In a downtown park popular with the city's homeless, Mike Smith points to a public bathroom attached to a restaurant that had been closed on and off for more than a year. "If people don't want to see this [outbreak] duplicated in their community, then go about things intelligently," said Mr. Smith, 58, who has been homeless for two years and was also recovering from hepatitis A. "Human beings defecate. Provide them with a place to do it and a place to wash their hands when they're done."

The San Diego epidemic was exacerbated by the fact that most homeless people don't have a regular family doctor who knows their health history. Instead, they often go to emergency rooms where doctors usually focus on treating short-term issues, and may not notice the significance of a handful of patients testing positive for the disease. That made it difficult for public health officials to spot the outbreak early on, and to track down people who needed to be vaccinated, said Dr. Robert Schooley, head of infectious diseases in the medical school at University of California, San Diego.

Since San Diego's outbreak began drawing national attention in the summer, the city has washed downtown streets with bleach, installed automatic public toilets and hand-washing locations, and given out more than 100,000 vaccines. This month, it opened three large tents on city-owned land to house 700 homeless residents.
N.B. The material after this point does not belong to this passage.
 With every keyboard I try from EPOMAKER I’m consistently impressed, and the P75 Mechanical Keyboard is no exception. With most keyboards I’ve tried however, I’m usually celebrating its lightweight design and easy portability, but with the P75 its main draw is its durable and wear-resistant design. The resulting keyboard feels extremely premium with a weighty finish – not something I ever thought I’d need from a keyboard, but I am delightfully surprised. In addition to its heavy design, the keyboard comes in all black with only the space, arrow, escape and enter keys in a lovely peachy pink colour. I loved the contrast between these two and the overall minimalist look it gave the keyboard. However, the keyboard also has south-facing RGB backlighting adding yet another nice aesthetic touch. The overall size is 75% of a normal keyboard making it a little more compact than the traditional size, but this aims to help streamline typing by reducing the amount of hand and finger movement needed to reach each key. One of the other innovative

The structures include garbage facilities, bathrooms, showers and hand-washing stations.

Christine Wade, left, sorts clothing in the family’s tent provided by the city in a sanctioned encampment in San Diego in October, 2017. The Wade family is among several hundred people living in the city’s first campground open for the homeless, set up to curb the hepatitis A outbreak.

But critics argue the tents are expensive temporary solutions at a time when the city should be focusing on getting more of its homeless into permanent housing. San Diego has opened similar tents in the past, but closed them down two years ago to funnel money into housing plans. This year, it took millions from an affordable housing program to reopen the tents.

"This is the easy thing to do to say the problem doesn't really exist, because nobody can really see it any more," said San Diego city councillor David Alvarez. "But we all know it's still there and it's going to get worse, because we've done it before and it's only gotten worse over the years."

Dr. Schooley worries the public attention on the housing crisis may prove to be short lived, setting cities like San Diego up for another outbreak. "Ignoring vulnerable populations like this does make communities at risk for much bigger costs down the road that people don't think about, don't talk about and don't want to address," he said.

Ms. Burrows is a case in point. She spent two months in hospital and another two months recovering in a rehabilitation centre battling hepatitis A and other complications from the disease. When she was well enough to be discharged, social workers took her right back to the street.

She has put her name on several waiting lists for social housing and for a spot in the emergency tents, to no avail. So she lives in a tent on the outskirts of the same park where she first got sick. "You would think will all the health problems that I have that I would be able to find something," she says. "I'll go anywhere right now."